Lauren tem a responsabilidade de preencher não apenas uma, mas duas lacunas históricas: a de Alissa e a da icônica Angela Gossow. Inclusive, a saída de Alissa gerou boatos sobre um possível retorno de Angela, que optou por seguir apenas como empresária do grupo. No palco, ficou claro que, apesar do carisma e determinação de Lauren, somente o tempo dirá se ela está totalmente apta ao posto. A apresentação de sábado deixou brechas; não por falta de talento ou técnica, que são inegáveis, mas por uma visível insegurança. A própria cantora deixou transparecer o peso do momento: visivelmente emocionada, Lauren veio ao centro do palco em lágrimas para agradecer o carinho do público, que gritava seu nome em coro. “Vocês fazem tudo valer a pena”, declarou.

Por outro lado, a “cozinha” e as guitarras seguem impecáveis. Michael Amott, líder e principal compositor, comandou as melodias e solos, ladeado pelo entrosamento de Daniel Erlandsson (bateria), Sharlee D’Angelo (baixo) e o já mencionado Joey Concepcion.

A produção foi digna de headliner, com fogos, fumaça e um desenho de luzes impressionante. Contudo, em certos momentos, a potência sonora beirou o excesso, fazendo com que os instrumentos se embolassem devido ao volume ensurdecedor dos graves.

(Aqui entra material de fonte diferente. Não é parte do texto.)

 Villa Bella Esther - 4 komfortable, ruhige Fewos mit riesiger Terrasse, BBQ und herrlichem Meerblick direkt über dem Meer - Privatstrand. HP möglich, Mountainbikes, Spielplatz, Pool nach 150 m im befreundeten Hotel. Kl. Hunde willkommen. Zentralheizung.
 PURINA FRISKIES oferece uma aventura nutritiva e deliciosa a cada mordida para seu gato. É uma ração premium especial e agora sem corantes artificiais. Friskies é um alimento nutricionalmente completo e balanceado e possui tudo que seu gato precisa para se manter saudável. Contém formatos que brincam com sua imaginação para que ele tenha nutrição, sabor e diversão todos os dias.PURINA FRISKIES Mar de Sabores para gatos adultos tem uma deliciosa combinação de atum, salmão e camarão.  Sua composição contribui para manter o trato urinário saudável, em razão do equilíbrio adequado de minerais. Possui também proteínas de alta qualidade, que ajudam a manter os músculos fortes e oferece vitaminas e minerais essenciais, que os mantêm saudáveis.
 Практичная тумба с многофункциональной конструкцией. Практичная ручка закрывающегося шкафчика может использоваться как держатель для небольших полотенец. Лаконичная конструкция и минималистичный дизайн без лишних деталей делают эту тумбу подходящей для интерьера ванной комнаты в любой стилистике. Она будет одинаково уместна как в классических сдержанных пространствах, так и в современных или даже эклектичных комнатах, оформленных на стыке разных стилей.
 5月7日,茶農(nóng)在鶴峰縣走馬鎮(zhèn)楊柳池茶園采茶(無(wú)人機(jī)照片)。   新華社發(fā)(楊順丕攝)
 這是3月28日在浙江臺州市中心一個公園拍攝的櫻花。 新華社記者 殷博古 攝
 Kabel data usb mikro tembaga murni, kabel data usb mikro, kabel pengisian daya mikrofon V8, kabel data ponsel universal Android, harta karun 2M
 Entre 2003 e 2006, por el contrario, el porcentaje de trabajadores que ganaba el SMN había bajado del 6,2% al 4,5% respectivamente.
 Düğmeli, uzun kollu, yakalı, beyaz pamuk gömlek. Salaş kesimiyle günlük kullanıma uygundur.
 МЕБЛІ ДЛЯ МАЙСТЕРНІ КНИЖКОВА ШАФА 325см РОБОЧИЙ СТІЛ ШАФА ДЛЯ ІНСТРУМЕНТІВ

O setlist foi uma viagem pela história da banda. Lauren perguntou à plateia: “Vocês querem ouvir uma música do primeiro álbum que Michael escreveu?”, resgatando a era de Johan Liiva com a clássica “Bury Me an Angel” (Black Earth, 1996). Da fase Alissa, foram apenas cinco canções: do álbum Will to Power (2017), “The World is Yours” (2ª) e “The Eagle Flies Alone” (10ª); do War Eternal (2014), a faixa-título (4ª); e do último disco, Blood Dynasty (2025), “Dream Stealer” (5ª) e a faixa título (7ª).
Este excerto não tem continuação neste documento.